NEW YORK (AP) — "Brother against brother," says The Governor fiercely. "Winner goes free. Fight to the death."


Is this any way to run a town?


AMC's zombie drama "The Walking Dead" ended the first half of this season with a wrenching faceoff: roughneck brothers Merle and Daryl were pitted in a bloody test of loyalty to The Governor as he rallied his flock — the residents of Woodbury, Ga. — to goad them on.


That was last December.


Things haven't settled down as the hit horror serial returns for another eight episodes Sunday at 9 p.m. EST. The death match continues. The Governor, played by David Morrissey, is increasingly oppressive, even deranged.


"With Woodbury, he has built a sanctuary, a place of safety where humanity can start again," says Morrissey. "But the negative side of power is like a wobbly tooth for him. He just can't stop sticking his tongue in there. There's something gloriously painful about it, and he likes that."


He seems to be losing his marbles as he sees threats both within and beyond the town walls. This has placed on his enemies list not only the zombies — with their ploddingly persistent appetite for human flesh — but also mortals, who are far less predictable. These include the ragtag refugees led by Sheriff Rick Grimes hiding out in an abandoned prison nearby.


"You can adapt to the zombie threat, and that's part of what Woodbury is about," says Morrissey. "But the new problem that has emerged in Season 3 is human beings. What you have now is two communities of humans in conflict. That's much more complicated."


In other words: What's scarier than the undead? The living!


In the past, The Governor exhibited a softer side. His most touching moments showed his desperate attempts to stay connected with Penny, his undead little girl. Removing her from the cell in his apartment where he kept her chained, he lovingly combed her wiry zombie hair in one memorable scene, while she snarled and snapped ferociously.


Strange as it was, the scene made perfect sense to Morrissey.


"You have a sick child and you're trying to do normal things that just aren't normal anymore," he says. "There's great certainty and comfort in the past, and he was trying to re-create that."

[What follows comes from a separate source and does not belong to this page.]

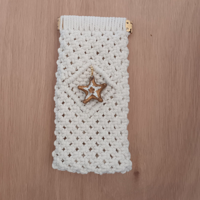 Découvrez cet étui à lunettes unique, réalisé à la main en macramé avec du coton recyclé, alliant artisanat traditionnel et respect de l’environnement. Ce modèle exclusif s’ouvre et se ferme facilement grâce à un système clic-clac pratique et sécurisé. Il vous accompagne aussi bien à la plage pour vos lunettes de soleil qu'au quotidien.

But in December's finale, Penny was stabbed by Michonne, an intruder out to kill The Governor.


"He loses the one thing he lives for," says Morrissey, adding with a bit of understatement, "Now he's full of anger."


The 48-year-old actor gravitates toward complex, off-kilter roles. He is celebrated for the 2003 British miniseries "State of Play," where he played an upright Member of Parliament who may have been involved in a string of killings. The same year, "The Deal" was a British TV film that starred Morrissey as MP (and future prime minister) Gordon Brown.


A few years earlier, he played a jazz musician with underworld connections in the British series "Finney." In the 2000 film "Some Voices," he was the long-suffering brother of schizophrenic Daniel Craig.


Morrissey approached the role of The Governor with his typical concern that the character display many facets and steadily develop.


"I wanted to be sure he didn't just become a cartoon buddy," Morrissey says.


Meanwhile, he began mastering the obligatory Southern accent.


Describing his happy, working-class childhood in Liverpool, England — "it was a tough environment, but tough in the right way" — Morrissey speaks in the singsongy lilt reminiscent of the Liverpudlian lads who formed the world's greatest rock band (and might pronounce "band" something like "bah-yind.")


He says he worked with the same accent coach assigned to series star Andrew Lincoln (who plays Rick Grimes), a fellow Brit. And he trained hard. "My children got very bored with me reading them bedtime stories in a Georgia accent," he says with a laugh.


The Woodbury scenes were shot in the town of Senoia, Ga., 40 miles south of Atlanta. Months of filming took Morrissey away from his family — sons 17 and 8 years old, and a daughter, 15, as well as his wife, novelist Esther Freud (who happens to be the great-granddaughter of Sigmund Freud).


"The people who live there are great," says Morrissey, "because we do disrupt their lives." Shooting for the season wrapped in November, "and I had a lovely time there."


But will The Governor be back to rule over the ultimate gated community? Not surprisingly, Morrissey is cagey when replying to that question: "Contractually, I'm there for five years. But that's not to say that I don't die at the end of this season, Or whenever."


Whether or not he's back on "The Walking Dead," Morrissey means to keep taking risks with his roles.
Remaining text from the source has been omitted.